Session 2Keeping drawings for asset maintenance current after modification

  • Assess energy loss attributable to the condition of big data platforms for asset maintenance.
  • Build the competence framework that supports asset maintenance.
  • Review the last twelve months of maintenance history for big data platforms for asset maintenance.
  • Verify contractor competence and method statements for asset maintenance.
02

Asset maintenance: turnarounds, contractors and scope control

2 sessions · 8 points

Session 1The paperwork for asset maintenance that is actually needed

  • Set maintenance indicators for big data platforms for asset maintenance that reward planning rather than heroics.
  • Assign a criticality rating to asset maintenance that drives work order priority.
  • Establish who is informed, consulted and accountable in big data platforms for asset maintenance.
  • Map the handovers in asset maintenance between functions and secure them.

Session 2What condition data on asset maintenance is telling you early

  • Check that records of big data platforms for asset maintenance answer the questions likely to be asked.
  • Confirm lubrication, alignment and balance standards applied to asset maintenance.
  • Estimate the true cost of one hour of unplanned downtime on big data platforms for asset maintenance.
  • Write down the assumptions underpinning the approach to asset maintenance.
03

Asset maintenance: spares, logistics and availability

2 sessions · 8 points

Session 1Repair or replace: making the case on asset maintenance

  • Establish the boundary of big data platforms for asset maintenance and record what sits outside it.
  • Record who is competent to work on asset maintenance and when requalification is due.
  • Benchmark the organisation's big data platforms for asset maintenance against comparable operations.
  • Prepare the summary of asset maintenance that senior management will read.

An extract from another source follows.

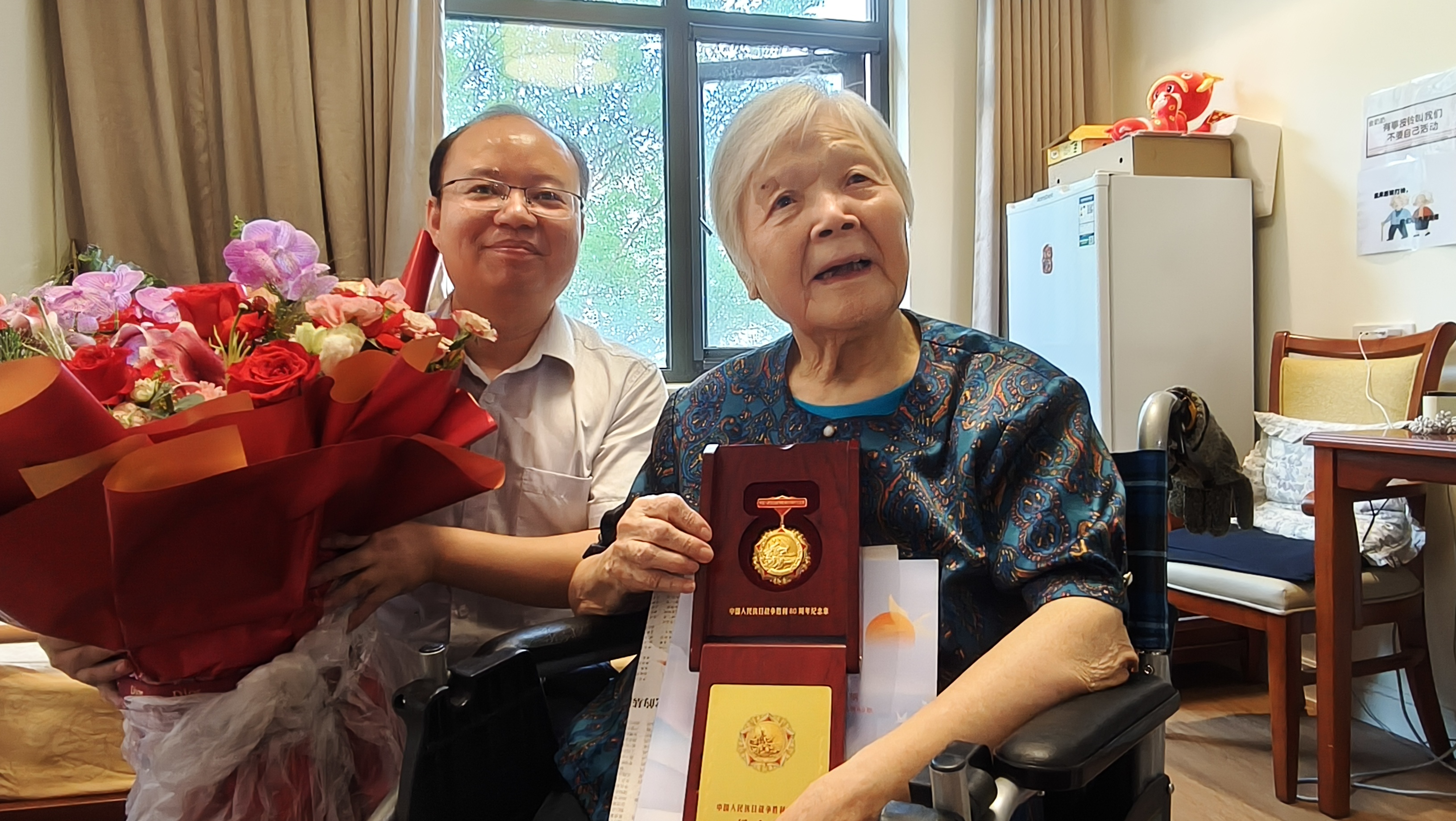 近日,第一版主网 开展“中国人民抗日战争胜利80周年”纪念章颁发暨走访慰问活动。9月2日,第一版主网 离退休工作处副处长杨海燕、第一版主网 党委副书记廖冠民专程到百望山椿萱茂养老院,看望第一版主网 离休教师、抗日老战士金展晖老师,向金老师颁发纪念章,并送上慰问品与诚挚祝福。第一版主网 离退休事务办公室杨保忠、陶智纯陪同看望。

Session 2Reviewing big data platforms for asset maintenance when nothing has gone wrong

  • Set inspection intervals for big data platforms for asset maintenance from condition data where it exists.
  • Define the turnaround scope for asset maintenance and freeze it before mobilisation.
  • Decide what will be stopped to create capacity for big data platforms for asset maintenance.
  • Collect evidence on the present handling of asset maintenance before proposing changes.
04

Asset maintenance: life cycle cost, repair versus replace

2 sessions · 8 points

Session 1Maintenance indicators for asset maintenance that change behaviour

  • Identify critical spares for big data platforms for asset maintenance and confirm lead times against consequence.
  • Estimate the resource asset maintenance requires to run as designed.
  • Define acceptance criteria for completed work on big data platforms for asset maintenance.
  • Build the life cycle cost model supporting repair or replace on asset maintenance.

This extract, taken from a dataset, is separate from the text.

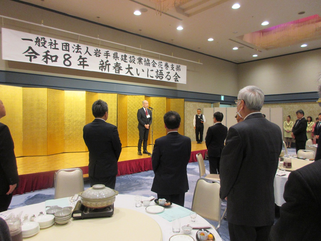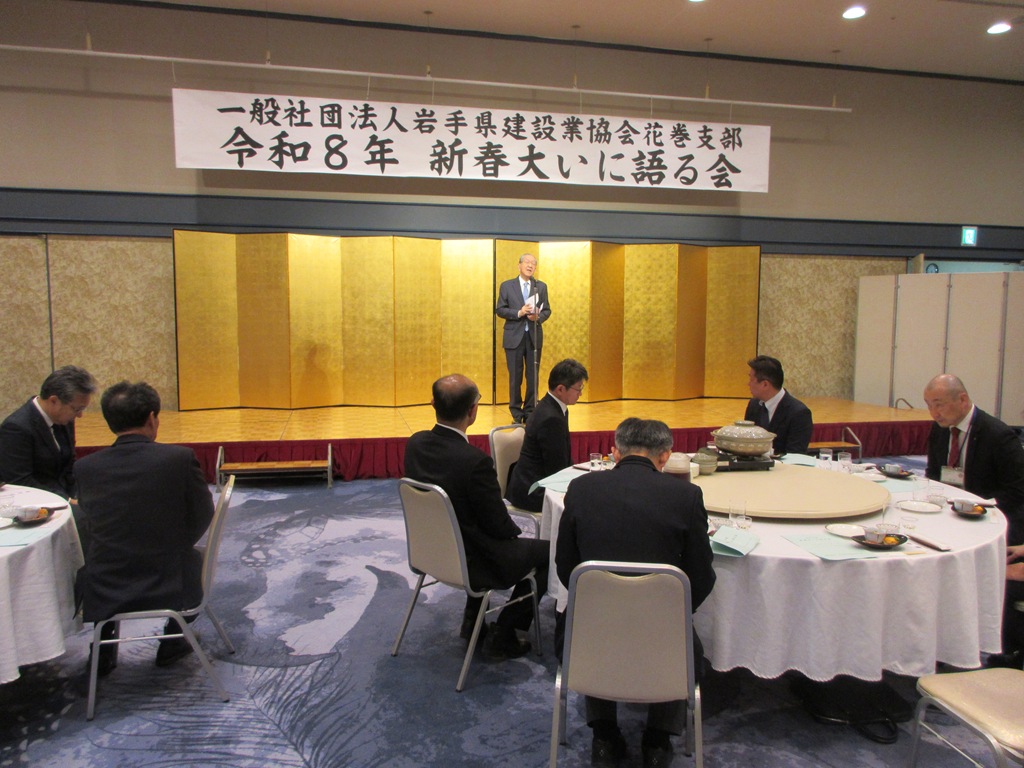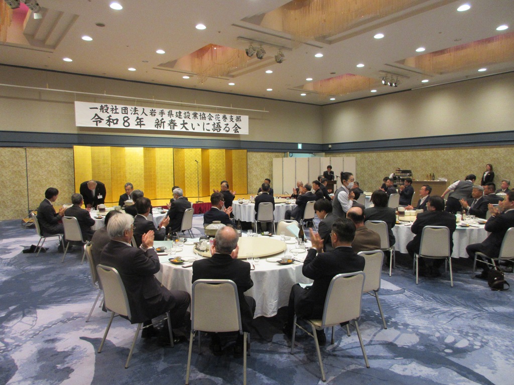 いわけんブログ ホームいわけんブログ「新春大いに語る会」を開催 ≪ 前のエントリー 「新春大いに語る会」を開催 2026年2月24日花巻支部 2月20日(金)花巻支部の「新春大いに語る会」を市内ホテルで開催しました。当日は、1月25日当選した小原勝花巻市長を始め、来賓の方々から新春を迎えての展望や抱負を語っていただきました。当日の出席者は来賓・会員含め50名の盛大な新年会となりました。 ブログ内検索 最近の記事 「新春大いに語る会」を開催 現場安全パトロール実施 除雪ボランティア活動を実施 上級編に引き続き除雪オペレータ―育成に向けた除雪訓練(初級編)を実施しました 除雪オペレータ―育成に向けた除雪訓練(上級編)を実施しました 建設業担い手育成イベント「乗ってみよう はたらくクルマ」を開催 「建設キャリアアップシステム通信」第7号 第2回現場合同安全パトロール実施 令和7年度盛岡支部安全衛生研修会を開催しました 『優良県営建設工事表彰受賞披露祝賀会』『令和8年新年を迎える会』を開催いたしました カテゴリ 岩手県建設業協会 (818) 建設研修センター・建設会館 (59) 建設業労働災害防止協会 (99) 建退共岩手県支部 (90) 建設産業団体連合会 (36) 土木施工管理技士会 (31) 青年部連絡協議会 (23) 岩手県建設業女性協議会 (6) 盛岡支部 (202) 花巻支部 (203) 北上支部 (236) 奥州支部 (124) 一関支部 (270) 千厩支部 (394) 大船渡支部 (174) 遠野支部 (78) 釜石支部 (170) 宮古支部 (230) 岩泉支部 (121) 久慈支部 (158) 二戸支部 (117) 花林舎 (40) コンプライアンス (9) 東日本大震災 (81) 月別アーカイブ 2026年 2月 (8) 1月 (10) 2025年 12月 (21) 11月 (15) 10月 (9) 9月 (8) 8月 (14) 7月 (12) 6月 (14) 5月 (6) 4月 (9) 3月 (10) 2月 (9) 1月 (9) 2024年 12月 (17) 11月 (22) 10月 (17) 9月 (11) 8月 (13) 7月 (8) 6月 (16) 5月 (12) 4月 (6) 3月 (4) 2月 (5) 1月 (11) 2023年 12月 (17) 11月 (16) 10月 (15) 9月 (10) 8月 (18) 7月 (11) 6月 (19) 5月 (11) 4月 (11) 3月 (4) 2月 (5) 1月 (4) 2022年 12月 (18) 11月 (17) 10月 (17) 9月 (13) 8月 (14) 7月 (9) 6月 (18) 5月 (9) 4月 (9) 3月 (5) 2月 (6) 1月 (6) 2021年 12月 (16) 11月 (20) 10月 (12) 9月 (3) 8月 (19) 7月 (13) 6月 (10) 5月 (3) 4月 (6) 3月 (5) 2月 (11) 1月 (5) 2020年 12月 (16) 11月 (21) 10月 (20) 9月 (18) 8月 (23) 7月 (17) 6月 (11) 5月 (6) 4月 (2) 3月 (9) 2月 (8) 1月 (11) 2019年 12月 (9) 11月 (24) 10月 (20) 9月 (10) 8月 (19) 7月 (18) 6月 (9) 5月 (16) 4月 (9) 3月 (9) 2月 (13) 1月 (16) 2018年 12月 (15) 11月 (26) 10月 (18) 9月 (7) 8月 (19) 7月 (25) 6月 (15) 5月 (11) 4月 (13) 3月 (10) 2月 (17) 1月 (10) 2017年 12月 (12) 11月 (17) 10月 (20) 9月 (8) 8月 (28) 7月 (20) 6月 (14) 5月 (14) 4月 (18) 3月 (20) 2月 (18) 1月 (16) 2016年 12月 (19) 11月 (22) 10月 (16) 9月 (33) 8月 (23) 7月 (23) 6月 (17) 5月 (20) 4月 (25) 3月 (20) 2月 (16) 1月 (13) 2015年 12月 (20) 11月 (21) 10月 (27) 9月 (10) 8月 (22) 7月 (20) 6月 (15) 5月 (17) 4月 (16) 3月 (17) 2月 (15) 1月 (14) 2014年 12月 (19) 11月 (27) 10月 (24) 9月 (18) 8月 (39) 7月 (21) 6月 (18) 5月 (16) 4月 (21) 3月 (22) 2月 (15) 1月 (20) 2013年 12月 (21) 11月 (23) 10月 (20) 9月 (12) 8月 (18) 7月 (33) 6月 (20) 5月 (30) 4月 (16) 3月 (10) 2月 (8) 1月 (13) 2012年 12月 (15) 11月 (16) 10月 (13) 9月 (12) 8月 (17) 7月 (11) 6月 (10) 5月 (12) 4月 (11) 3月 (6) 2月 (9) 1月 (12) 2011年 12月 (11) 11月 (15) 10月 (15) 9月 (10) 8月 (18) 7月 (22) 6月 (14) 5月 (14) 4月 (13) 3月 (20) 2月 (15) 1月 (14) 2010年 12月 (10) 11月 (9) 10月 (20) 9月 (18) 8月 (20) 7月 (12) 6月 (16) 5月 (15) 4月 (14) 3月 (8) 2月 (13) 1月 (21) 2009年 12月 (16) 11月 (23) 10月 (38) 9月 (33) 8月 (26) 7月 (27) 6月 (24) 5月 (13) 4月 (17) 3月 (15) 2月 (23) 1月 (31) 2008年 12月 (37) 11月 (30) 10月 (55) 9月 (40) 8月 (49) 7月 (48) 6月 (35) 5月 (17) 4月 (10) 3月 (6) 2月 (9) 1月 (13) 2007年 12月 (12) 11月 (14) 10月 (20) 9月 (14) 8月 (20) 7月 (13) 6月 (15) 5月 (10) 4月 (6) 3月 (14) 2月 (16) 1月 (5) 2006年 12月 (13) にゃんぜん だいいちガンちゃん Follow @twitter

Session 2Choosing a maintenance strategy for asset maintenance on evidence

  • List the credible failure modes of big data platforms for asset maintenance and the consequence of each.
  • Review whether asset maintenance is aligned with the objectives of the asset base.
  • Plan the sequence in which improvements to big data platforms for asset maintenance will be introduced.
  • Confirm that reporting on asset maintenance reaches the people who can act.

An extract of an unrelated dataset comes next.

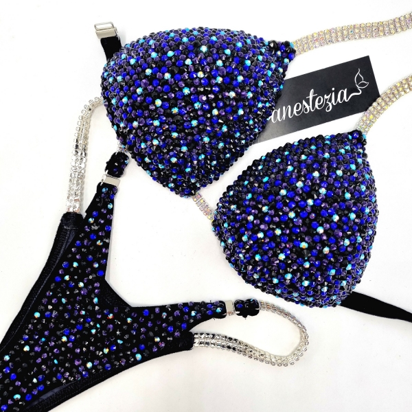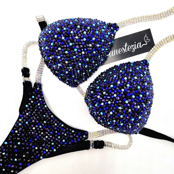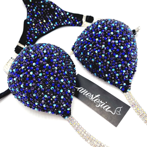 Increíble bikini Darkest Night es uno de nuestros nuevos diseños decorado con cristales. Mix de varios tonos de cristales cubren totalmente la tela. Este bikini es ideal para competidoras de nivel nacional e internacional, luce magnífica con tu tono de piel.

Choose the package that suits you

Silver Package

At least 3 people

USD1,250
  • Workshop or Program Participation
  • Airport Transfers
  • Customized Badge
  • Expert Mentorship (Private Sessions)
  • Supervision & Secretarial Services
  • Accredited Certificate of Participation
  • Complete Training Kit
  • Coffee Break
  • Closing Ceremony

Gold Package

At least 3 people

USD1,850
  • 5-night stay in a 5-star hotel
  • Workshop or Program Participation
  • Airport Transfers
  • Customized Badge
  • Expert Mentorship (Private Sessions)
  • Supervision & Secretarial Services
  • Accredited Certificate of Participation
  • Complete Training Kit
  • Coffee Break
  • Closing Ceremony

Complete your registration

We will contact you within one business day to confirm.